Your goal >>
Retype the lines below exactly, but only those from the line that has "ミニチュアの檜風呂を作りました! ※設定では「DIY好きなアヒルのお父さんが創作するお話」にしています。 アヒルのお父さん。" through the line that has "Lots of pockets". Omit every picture.

Data in this exercise >>
*** Begin section ***

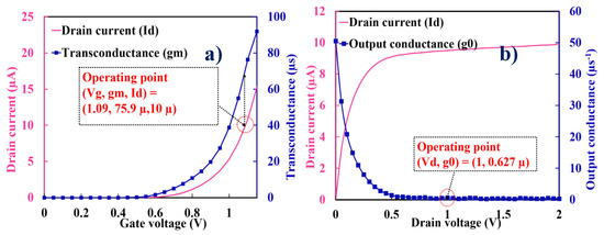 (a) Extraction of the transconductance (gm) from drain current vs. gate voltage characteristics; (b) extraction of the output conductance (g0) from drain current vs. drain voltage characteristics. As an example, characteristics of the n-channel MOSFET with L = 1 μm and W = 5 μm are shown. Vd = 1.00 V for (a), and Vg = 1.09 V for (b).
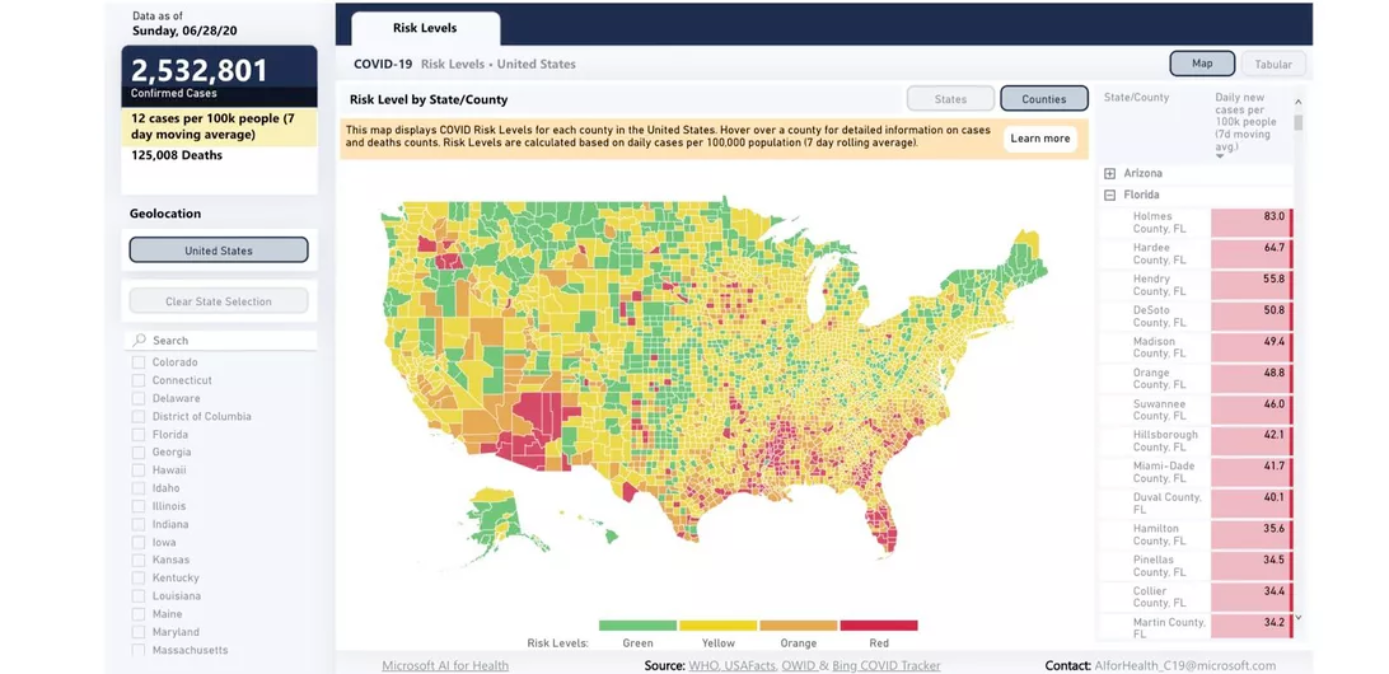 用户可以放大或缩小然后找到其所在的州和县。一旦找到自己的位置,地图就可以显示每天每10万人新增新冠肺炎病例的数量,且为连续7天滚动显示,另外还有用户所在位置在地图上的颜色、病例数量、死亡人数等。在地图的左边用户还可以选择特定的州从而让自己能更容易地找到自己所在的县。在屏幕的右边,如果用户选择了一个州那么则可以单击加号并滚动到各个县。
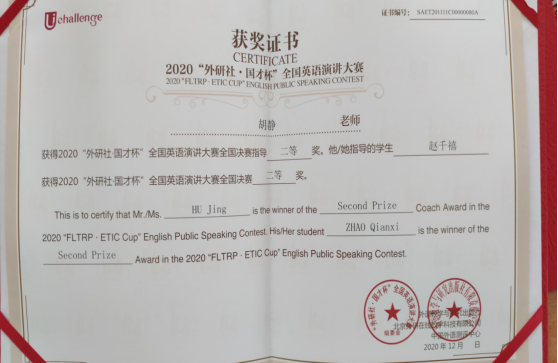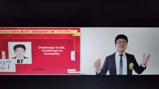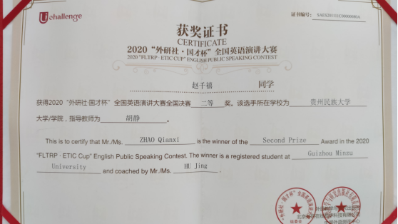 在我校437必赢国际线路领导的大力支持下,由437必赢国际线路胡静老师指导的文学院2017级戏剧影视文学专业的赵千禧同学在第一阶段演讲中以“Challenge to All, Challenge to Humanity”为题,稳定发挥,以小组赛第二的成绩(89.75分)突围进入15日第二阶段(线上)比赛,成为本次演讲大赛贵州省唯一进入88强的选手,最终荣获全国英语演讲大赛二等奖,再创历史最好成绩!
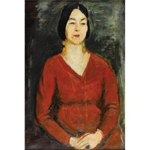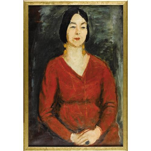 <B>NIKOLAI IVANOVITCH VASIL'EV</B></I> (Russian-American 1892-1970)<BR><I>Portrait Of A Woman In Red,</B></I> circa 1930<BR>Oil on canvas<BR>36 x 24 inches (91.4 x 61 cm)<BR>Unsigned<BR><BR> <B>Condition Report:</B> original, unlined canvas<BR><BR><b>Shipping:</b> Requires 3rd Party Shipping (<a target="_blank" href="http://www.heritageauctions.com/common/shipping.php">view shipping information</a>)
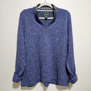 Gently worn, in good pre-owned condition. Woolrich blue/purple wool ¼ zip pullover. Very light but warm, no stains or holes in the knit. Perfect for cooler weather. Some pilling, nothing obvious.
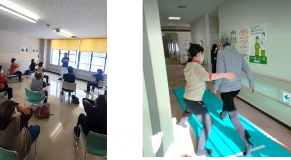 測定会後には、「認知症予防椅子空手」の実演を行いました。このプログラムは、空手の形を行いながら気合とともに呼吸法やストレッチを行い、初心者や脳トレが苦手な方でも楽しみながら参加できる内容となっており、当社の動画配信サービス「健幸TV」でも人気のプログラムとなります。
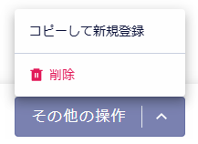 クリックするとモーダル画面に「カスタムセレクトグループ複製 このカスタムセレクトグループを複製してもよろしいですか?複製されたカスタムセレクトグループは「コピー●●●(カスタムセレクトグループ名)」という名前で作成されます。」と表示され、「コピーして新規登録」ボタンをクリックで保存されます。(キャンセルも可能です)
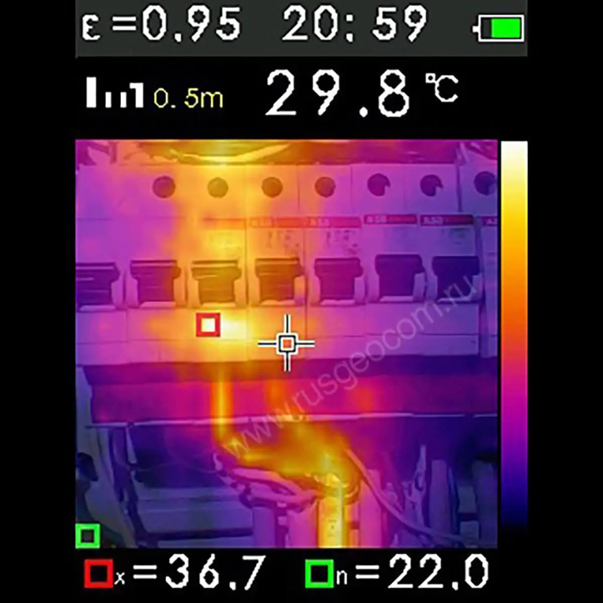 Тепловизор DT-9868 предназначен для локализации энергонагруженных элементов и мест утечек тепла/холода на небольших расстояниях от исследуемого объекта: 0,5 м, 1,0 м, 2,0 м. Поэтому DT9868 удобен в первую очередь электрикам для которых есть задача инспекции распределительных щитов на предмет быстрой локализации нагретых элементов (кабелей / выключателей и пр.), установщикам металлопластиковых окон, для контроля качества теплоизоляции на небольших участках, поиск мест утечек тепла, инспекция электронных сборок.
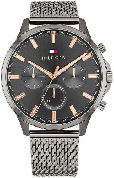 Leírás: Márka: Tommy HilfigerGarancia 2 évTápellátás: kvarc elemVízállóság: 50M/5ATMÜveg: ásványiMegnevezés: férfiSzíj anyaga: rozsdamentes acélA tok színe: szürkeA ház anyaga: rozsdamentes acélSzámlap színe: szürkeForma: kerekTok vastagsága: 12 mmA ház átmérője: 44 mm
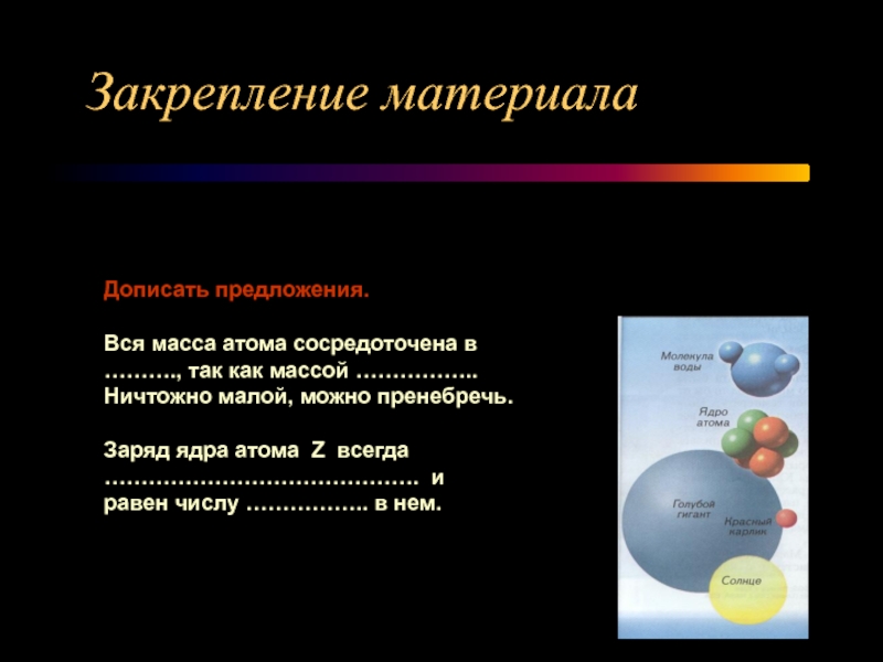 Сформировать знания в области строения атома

*** End section ***
*** Begin section ***

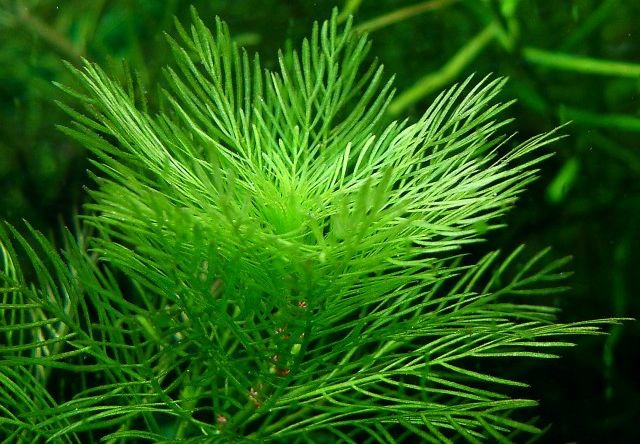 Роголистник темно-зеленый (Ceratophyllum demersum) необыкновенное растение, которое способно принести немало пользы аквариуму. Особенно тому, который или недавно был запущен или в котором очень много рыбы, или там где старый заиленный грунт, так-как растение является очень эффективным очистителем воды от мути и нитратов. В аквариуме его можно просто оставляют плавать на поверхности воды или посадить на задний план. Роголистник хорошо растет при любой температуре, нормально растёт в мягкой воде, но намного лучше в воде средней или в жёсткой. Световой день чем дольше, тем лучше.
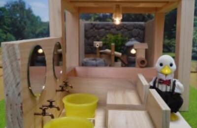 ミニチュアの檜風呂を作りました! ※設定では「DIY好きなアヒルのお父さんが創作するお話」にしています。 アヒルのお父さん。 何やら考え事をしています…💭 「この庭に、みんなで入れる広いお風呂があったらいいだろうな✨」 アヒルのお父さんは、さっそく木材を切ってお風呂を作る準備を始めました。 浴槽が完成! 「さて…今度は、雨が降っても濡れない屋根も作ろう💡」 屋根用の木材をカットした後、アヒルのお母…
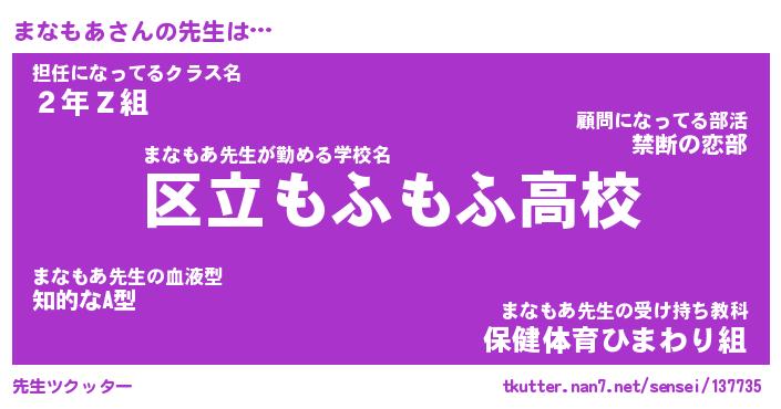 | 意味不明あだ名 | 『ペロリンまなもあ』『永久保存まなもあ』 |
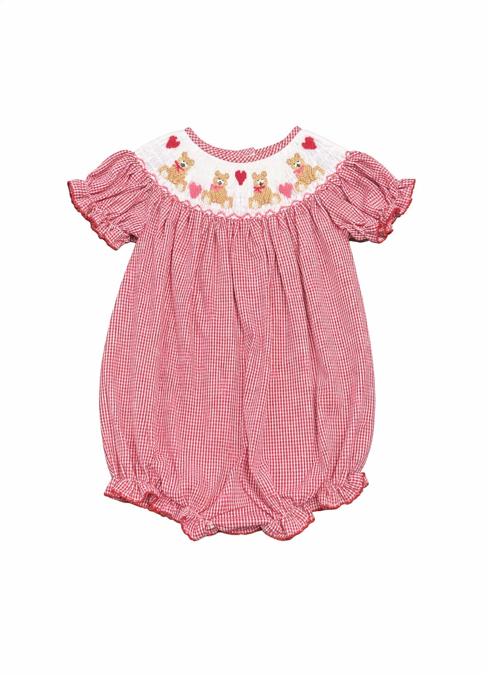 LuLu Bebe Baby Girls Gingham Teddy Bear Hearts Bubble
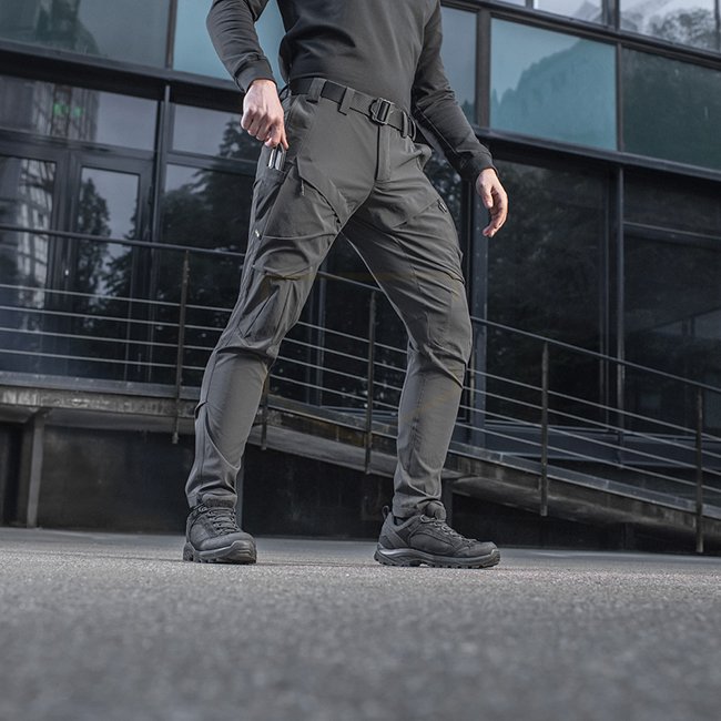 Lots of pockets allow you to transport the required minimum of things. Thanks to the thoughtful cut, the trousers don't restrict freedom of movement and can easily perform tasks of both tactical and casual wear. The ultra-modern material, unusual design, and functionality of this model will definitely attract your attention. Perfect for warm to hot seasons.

*** End section ***

Solution to this task >>
 ミニチュアの檜風呂を作りました! ※設定では「DIY好きなアヒルのお父さんが創作するお話」にしています。 アヒルのお父さん。 何やら考え事をしています…💭 「この庭に、みんなで入れる広いお風呂があったらいいだろうな✨」 アヒルのお父さんは、さっそく木材を切ってお風呂を作る準備を始めました。 浴槽が完成! 「さて…今度は、雨が降っても濡れない屋根も作ろう💡」 屋根用の木材をカットした後、アヒルのお母…
 | 意味不明あだ名 | 『ペロリンまなもあ』『永久保存まなもあ』 |
 LuLu Bebe Baby Girls Gingham Teddy Bear Hearts Bubble
 Lots of pockets allow you to transport the required minimum of things. Thanks to the thoughtful cut, the trousers don't restrict freedom of movement and can easily perform tasks of both tactical and casual wear. The ultra-modern material, unusual design, and functionality of this model will definitely attract your attention. Perfect for warm to hot seasons.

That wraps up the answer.